- Venue
- Parasol Unit
- Location
- London
Inside Parasol Unit the world is slowed down. At moments time feels suspended. Trapped within it’s own loop. Or sometimes running at real speed, albeit in it’s own uncanny existence. We move throughout the exhibition’s dark and light spaces, experiencing the extremes of multi-media installation, from submersion into the pitch-black installation space, to soft white-carpeted rooms with lush semi-translucent screens, projection beams imitating sunlight across the room. Balanced between photography and film Claerbout’s works playfully explore these digital mediums and the crossover between the two. Perceptions of reality and illusion collide as cinematic space and time is deconstructed and reconstructed throughout.

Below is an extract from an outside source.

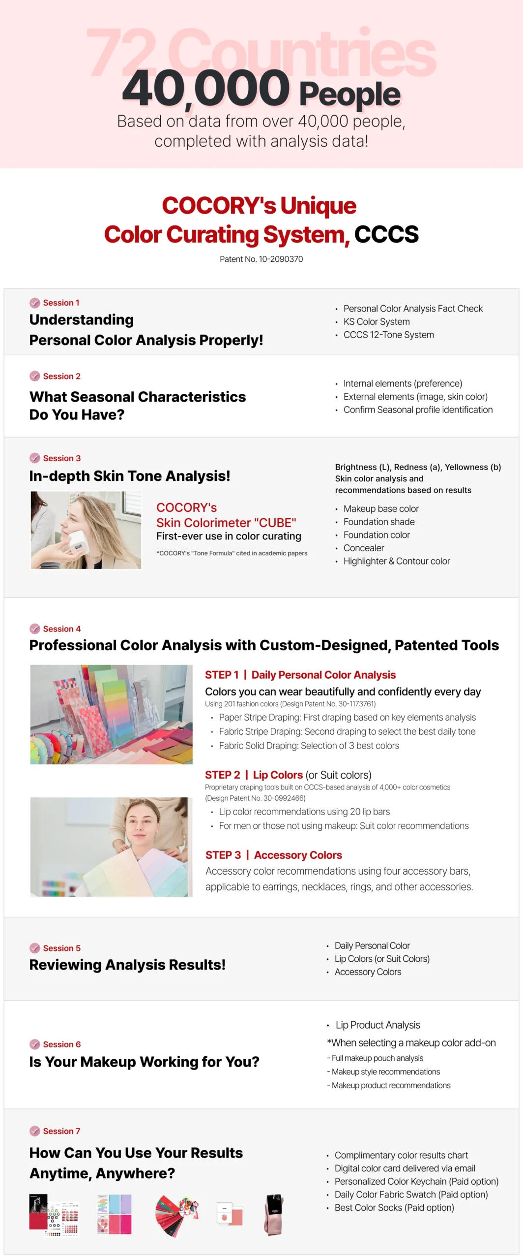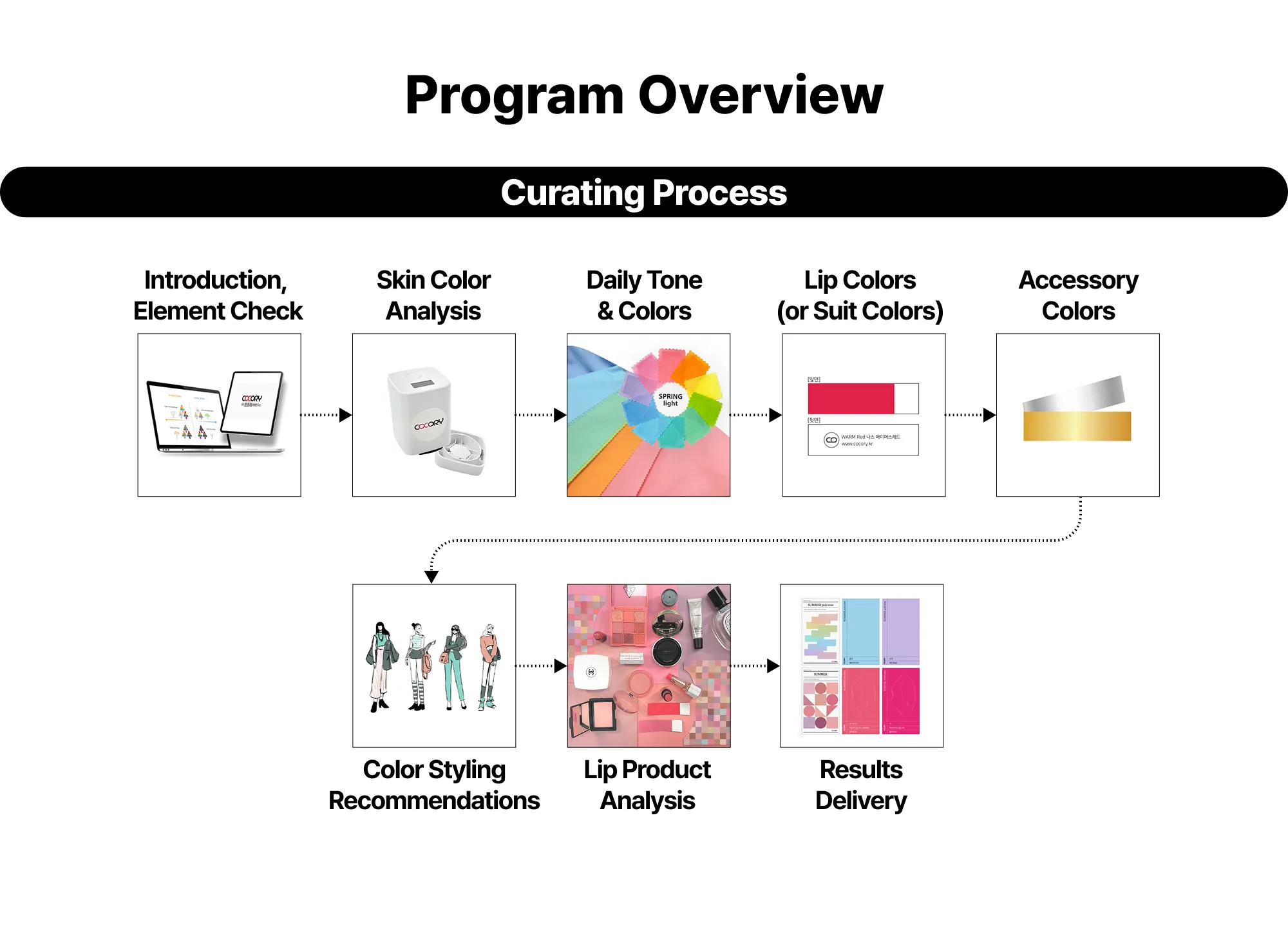🔹 Personal Makeup : A makeup service using the best color combinations for your skin tone and personal image, based on Cocory Cube analysis.

One of the first works we encounter in the exhibition is ‘Orchestra’, a large-scale photographic light box piece. Located alone in a dark cinematic space, the piece only becomes apparent once the viewer steps well into the daunting pitch-black room. Eyes adjusting to the darkness, the image suddenly emerges. Within, the ‘Orchestra’s’ conductor and entire audience stare back into the room, hundreds of pairs of eyes fixed upon the unsuspecting viewer. Shrouded in an eerie stillness, a theatrical silence, this all-important encounter between work and audience is at the heart of the installation where the roles of viewer and subject are reversed.

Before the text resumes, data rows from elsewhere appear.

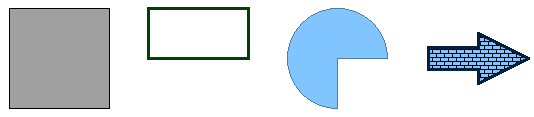 Shapes are geometric objects. Like images, they are used to provide visual context for a page. Shapes include rectangles, ellipses, stars and more. All shapes have an outline and most have a fill, both of which can be configured independently as to style, width, and color. You can set either the outline or the fill to "none", removing that part of the shape from the display.
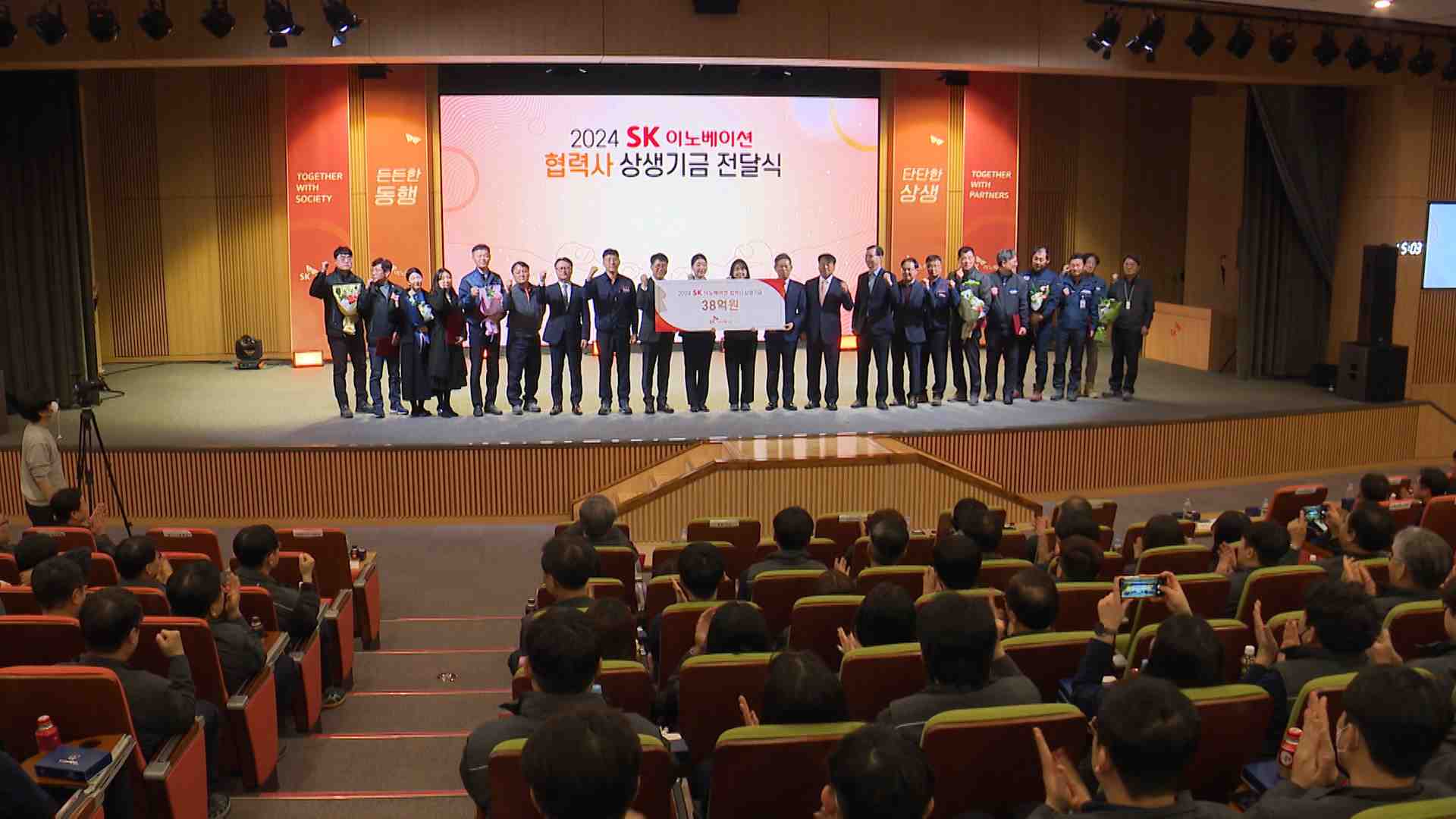 SK이노베이션은 오늘(1/31) 울산 콤플렉스에서 구성원들이 기본급 1%를 모아 조성한 상생기금 38억 원을 협력사에 전달했습니다.
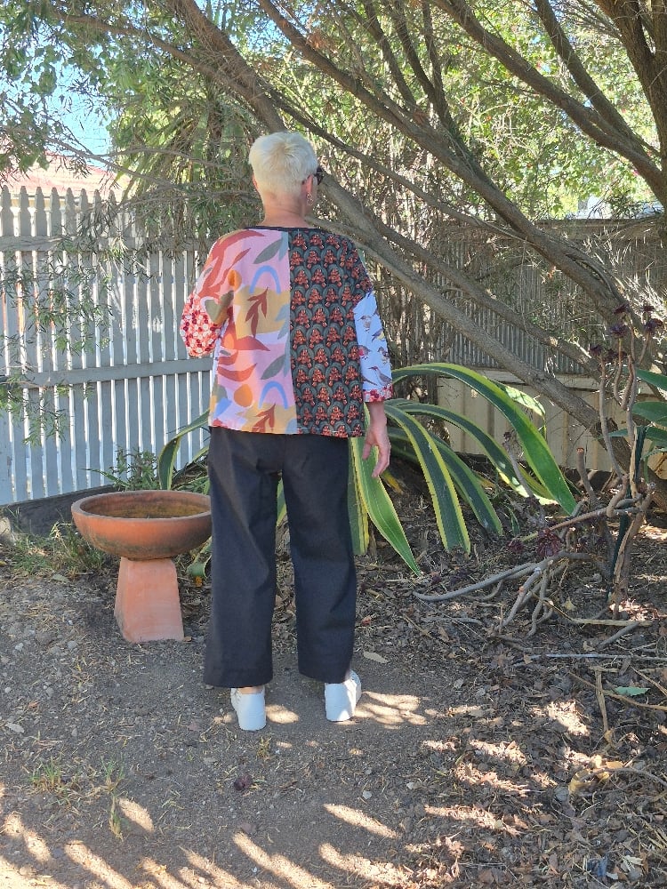 100% cotton relaxed fit top with dropped shoulder and 3/4 sleeves.
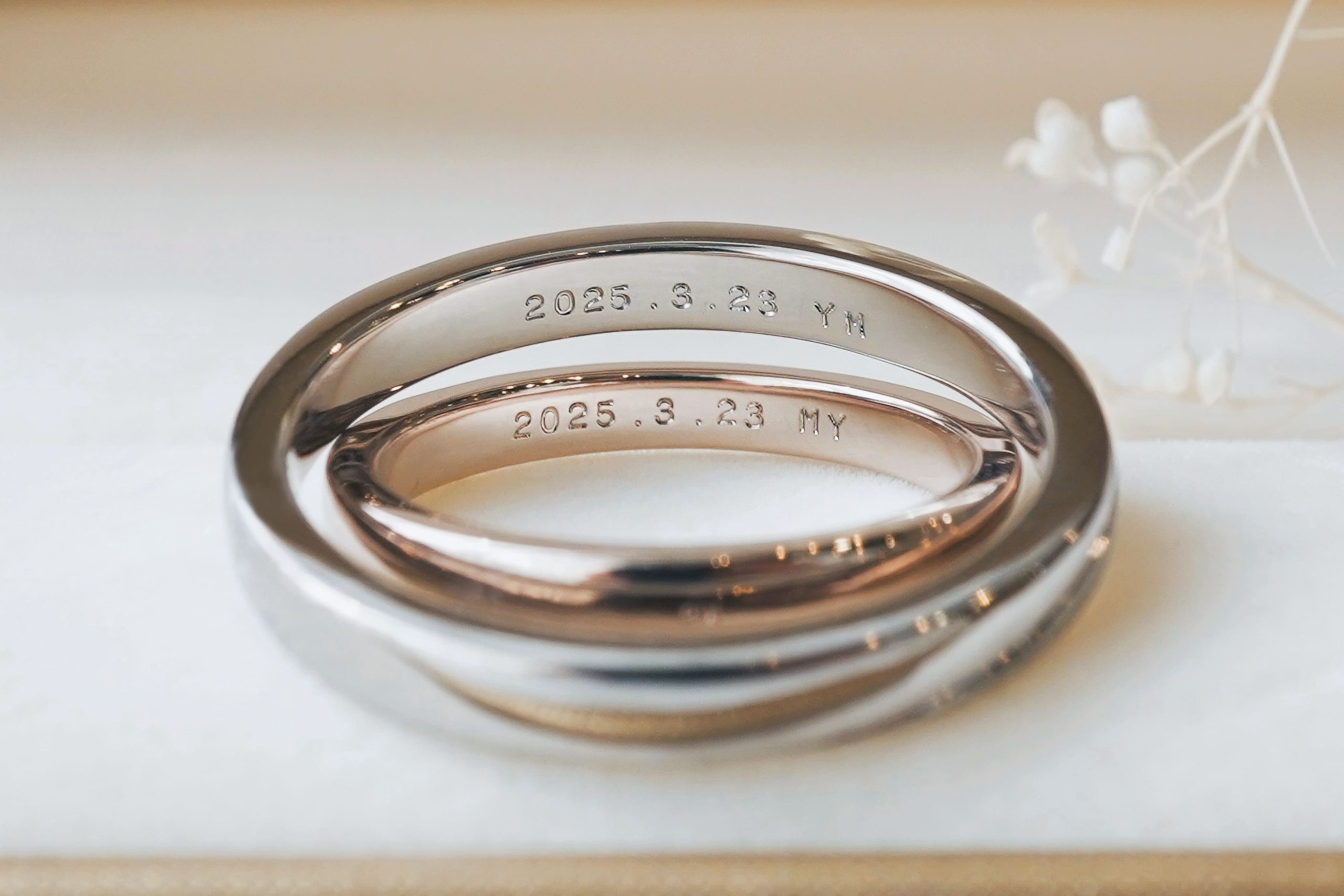 内側にはおふたりの記念日とイニシャルを刻印しております。
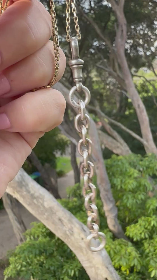 Antique 9ct Rose and White Gold Trombone and Lovers Knot chain
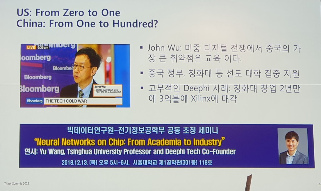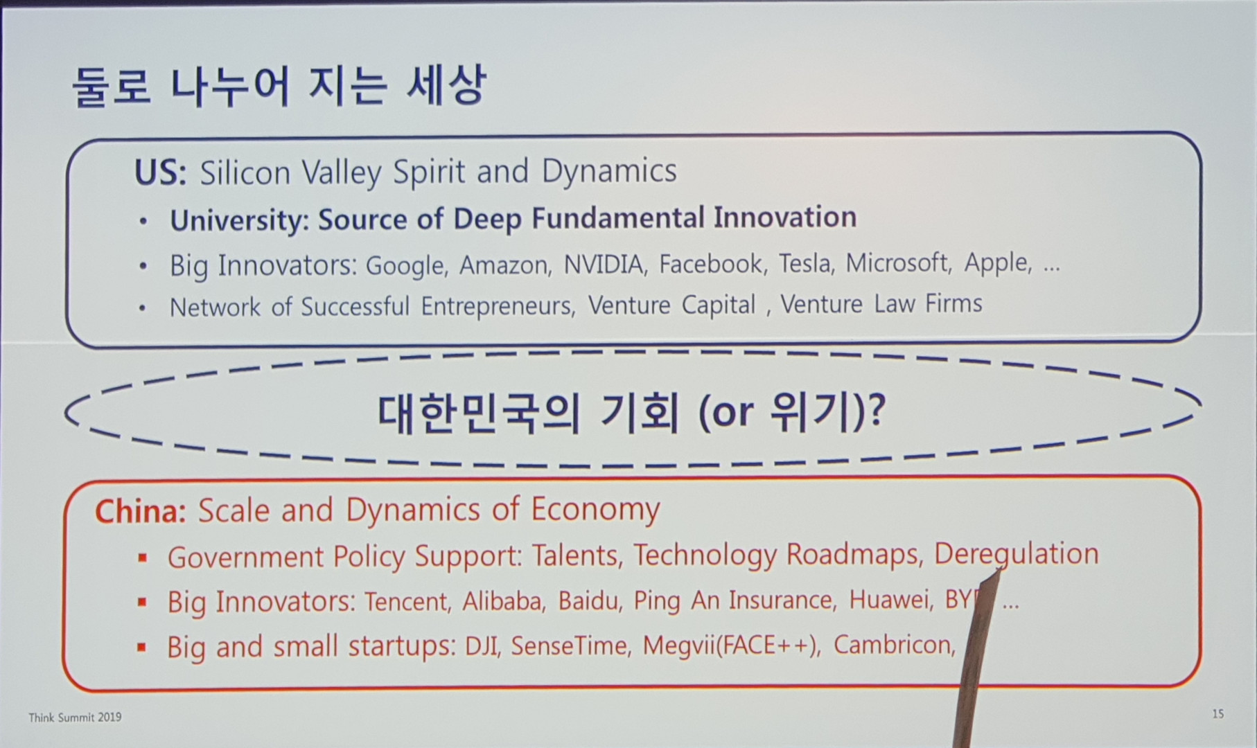 지능 클라우드 서버, 지능 터미널, 지능 로봇을 연구/개발하는 중국과학원 창업 벤처인 Cambricon 사례를 말씀해주셨는데 중국이 교육부터 산업까지 과감한 혁신과 투자, 국가차원의 전폭적인 지원으로 미국 나아가 세계을 위협하고 있다고 하였습니다. 한국 역시도 이러한 패러다임의 변화, 패권 전쟁에서 살아남기 위해서는 정말 퀀텀 점프가 필요한 상황인데 많이 부족하다고 합니다.

In other photographic pieces Claerbout sequences still images creating video projection works which bridge the gap between the still and moving image, giving a new context to the photographic still. In pieces such as ‘The Algiers’ Section of a Happy Moment’ a single moment is captured from many angles depicting a paused soccer game as one player stops to feed a group of descending seagulls. Screened large, Claerbout immerses the viewer in a projection of a single moment of arrested time. At the other end of the scale Claerbout’s ‘Breathing Bird’, displayed within two small screens, depicts the meeting of two birds. Psychically separated by a windowpane, the birds mirror one another, exchanging a gaze; in the only movement – tiny water droplets from the bird’s exhalation gather on the window forming a cloud of breath. A small but beautiful fraction of time is captured in this two channel video work, in Claerbout’s world quiet moments take a cinematic precedence.

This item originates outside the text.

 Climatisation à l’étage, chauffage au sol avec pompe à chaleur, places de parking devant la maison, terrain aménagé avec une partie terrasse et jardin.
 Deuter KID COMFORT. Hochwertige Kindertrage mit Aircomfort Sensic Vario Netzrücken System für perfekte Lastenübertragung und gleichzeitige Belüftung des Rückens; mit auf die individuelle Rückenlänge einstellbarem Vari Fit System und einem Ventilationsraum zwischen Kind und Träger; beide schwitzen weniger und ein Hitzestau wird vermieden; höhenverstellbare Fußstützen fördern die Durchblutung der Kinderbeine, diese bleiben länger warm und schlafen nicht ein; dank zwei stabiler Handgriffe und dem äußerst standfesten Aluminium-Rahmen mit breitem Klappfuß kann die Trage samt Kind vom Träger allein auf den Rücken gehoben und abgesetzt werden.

In the video work ‘Bordeaux Piece’ a drama unfolds between three characters on the set of a white airy modernist house on the outskirts of Bordeaux, France, surrounded by a lush green picturesque landscape. The 10-minute scene is replayed over and over, yet it soon becomes apparent that the piece is not on a loop, but is instead a continuous 13-hour video work of the same scene staged, acted and shot repeatedly throughout a single day. A strange telephone conversion, a broken teacup, awkward dialogue between a father, his son and his son’s girlfriend, a betrayal, fists banging on a glass window, the mouthing of words I can never quite catch, the camera panning across the beautiful landscape, fade out and begin again. The repetitions, actions, dialogue, are simply a motif, as the gradually changing light becomes the true subject matter of the piece. Narrative collapses as cinematic time deconstructs.
In the final room of the exhibition an 18-minute video projection ‘Sunrise’ plays. Mimicking the dark space of ‘Orchestra’ on the floor below, ‘Sunrise’ engages the viewer in a cinematic world of darkened quietness. The video centres on a modernist villa in the middle of the night as a maid arrives. Quietly let in by the butler, we hypnotically watch the maid go about her routine chores in the pristine villa in the dead of night. The viewer steps into darkness to sit and watch this piece, the sound, perfectly – just about audible – brings the viewer fully into the unfolding nocturnal scene in which the rest of the world, or at least owners of the villa, sleep. Within bluish grey hues, a vestige of dawn, the maid begins to finish her shift. She quietly leaves the villa and cycles home on a country road, the sunrises in the background whilst a beautiful piece of music by Rachmaninov plays out.
As ‘the time that remains’ comes to an end we too journey with the maid into daylight.